背景：随着测序技术的进步，宿主和微生物组成对测量的多组学数据集的数量和规模正在迅速增加。随着生成这些数据集成为常规，帮助解释这些数据集的计算方法变得越来越重要。在这里，我们提出了一个整合微生物组多组学数据的框架：潜在相互作用变量效应（LIVE）模型。LIVE使用结构化元模型中组织的单组学潜在变量（LV）集成多组学数据，以确定最能预测表型或病症的特征组合。结果：我们开发了一个利用稀疏偏最小二乘判别分析（sPLS-DA） lv的监督版本LIVE，以及一个利用稀疏主成分分析（sPCA）主成分的无监督版本LIVE，两者都可以纳入协变量感知。LIVE性能在PRISM和LLDeep队列中克罗恩病（CD）和溃疡性结肠炎（UC）状态患者的公开宏基因组学和代谢组学数据集上进行了测试，并与现有的肠道微生物组多组学方法和阴道微生物组学数据进行了基准测试，获得了一致和可比的性能。除了这些基准测试工作之外，我们还使用PRISM和LLDeep队列对两个版本的LIVE进行了详细的分析和解释。LIVE将CD和UC的原始数据集的特征相互作用数量从数百万减少到不到20,000，同时调节肠道微生物，代谢物，酶对临床变量的疾病预测能力。结论：LIVE对当前整合微生物组数据的方法做出了独特的补充贡献，并在多组学数据与临床变量的可解释整合方面为现有方法提供了关键优势，以预测疾病结局并确定疾病的微生物组机制。

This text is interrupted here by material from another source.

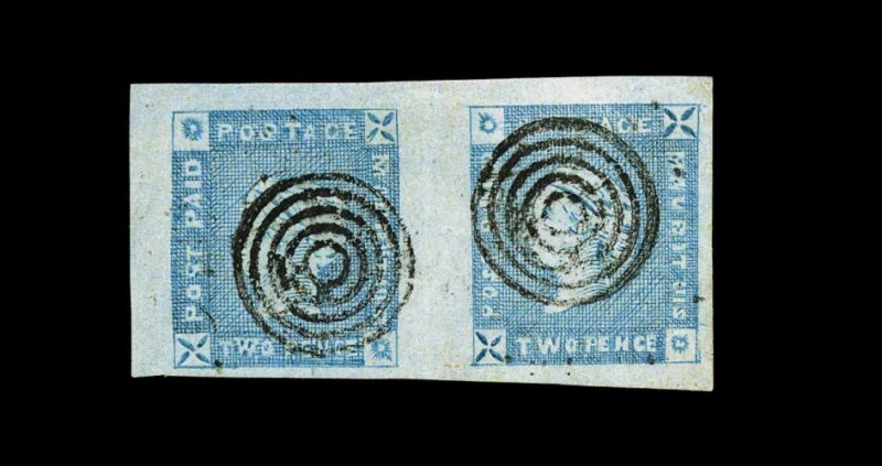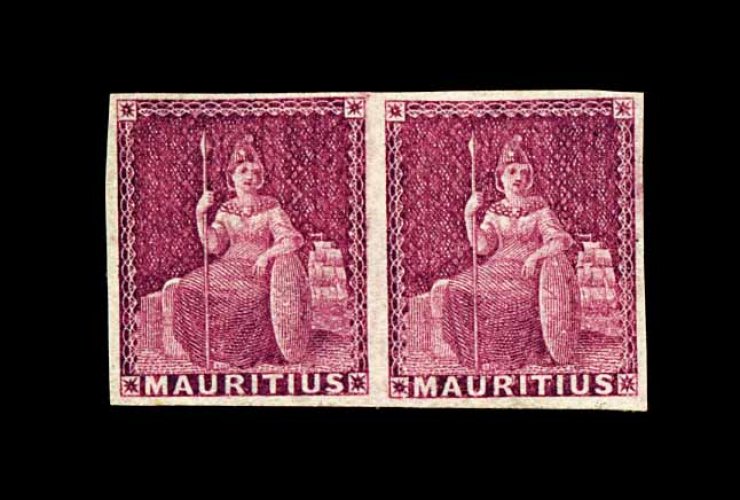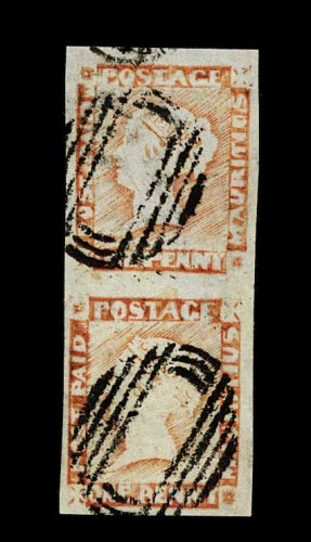 1226 Oc S.G. #39ab, 39ac image#39ab, 39ac, 1859 (Nov.) 2p Blue "Lapirot" issue, the unique used horizontal pairs showing the remarkable "Maurituis" and "Mauritus" spelling errors from the retouched plate; the "Maurituis" error being the right stamp in a superb horizontal pair, positions 7-8 from the plate of 12, featuring large to enormous margins all around, with strong color and an excellent impression, each stamp with neat clear strike of target cancel, with the postmark on the right stamp wonderfully positioned so that the spelling error is completely unobscured, extremely fine; the "Mauritus" error being being the left stamp in a horizontal pair, positions 9-10, and used on an 1859 entire from Thomas La Chambre & Co. in Port Louis to Portrieux, France, sent "Via Suez and Marseille", clear "G.P.O./Nov 9, 1859/Mauritius" double ring c.d.s. on reverse, red Suez transit c.d.s. on front, along with numerous transit and arrival postmarks on reverse, pair with clear even margins all around, wonderfully postmarked with two clear "PAID" in circle cancels, neither of which obscures the spelling error, addressee's name partially erased, light split at top of cover from central filing fold well away from adhesives, very fine. It seems clear that the re-engraving of the worn out "Lapirot" plate imagetook place immediately before the re-engraving of the original 2p "Post Paid" plate (attributed to Sherwin), as the above mentioned cover is dated November 9, 1859, while the earliest recorded "Sherwin" cover is dated November 10, 1859. It is likely that the spelling errors were noticed as soon as the sheets were printed from the retouched Lapirot plate, leading to its immediate withdrawal from use, and being replaced by the "Sherwin" plate. Then on December 12th the "Dardenne" lithographed issue came into use. Each of these spectacular spelling errors are the only recorded examples, and despite their obvious appearance they, quite remarkably, remained undiscovered for over 130 years. In fact, they resided unnoticed in the magnificent "Kanai" collection, the most important collection of classic Mauritius ever formed, and they were even illustrated in Classic Mauritius (pages 93-94) - again without reference to their unique nature. Even the subsequent owner failed to recognize that two major spelling errors had occurred in the course of re-engraving, as the country name "Mauritius" appears as "Maurituis" on position 8, and "Mauritus" on position 9. These two errors of spelling, as a result of re-engraving, are without equal in British Empire Philately, and the two pairs clearly rank among the most important and extraordinary classic errors in existence. They may be ranked alongside the inverted head of the 1854 4a of India and the 1855 4p inverted swan of Australia. Yet, there remains a significant difference between these more well-known errors and the two error pairs offered here - the "Maurituis" and "Mauritus" errors are unique. Each is accompanied by a 1994 BPA certificate specifically describing the errors. (Image) S.G. £200,000

本文章由计算机程序翻译，如有差异，请以英文原文为准。

求助全文

约1分钟内获得全文求助全文

来源期刊

BMC Bioinformatics 生物-生化研究方法

CiteScore

5.70

自引率

3.30%

发文量

506

审稿时长

4.3 months

期刊介绍： BMC Bioinformatics is an open access, peer-reviewed journal that considers articles on all aspects of the development, testing and novel application of computational and statistical methods for the modeling and analysis of all kinds of biological data, as well as other areas of computational biology. BMC Bioinformatics is part of the BMC series which publishes subject-specific journals focused on the needs of individual research communities across all areas of biology and medicine. We offer an efficient, fair and friendly peer review service, and are committed to publishing all sound science, provided that there is some advance in knowledge presented by the work.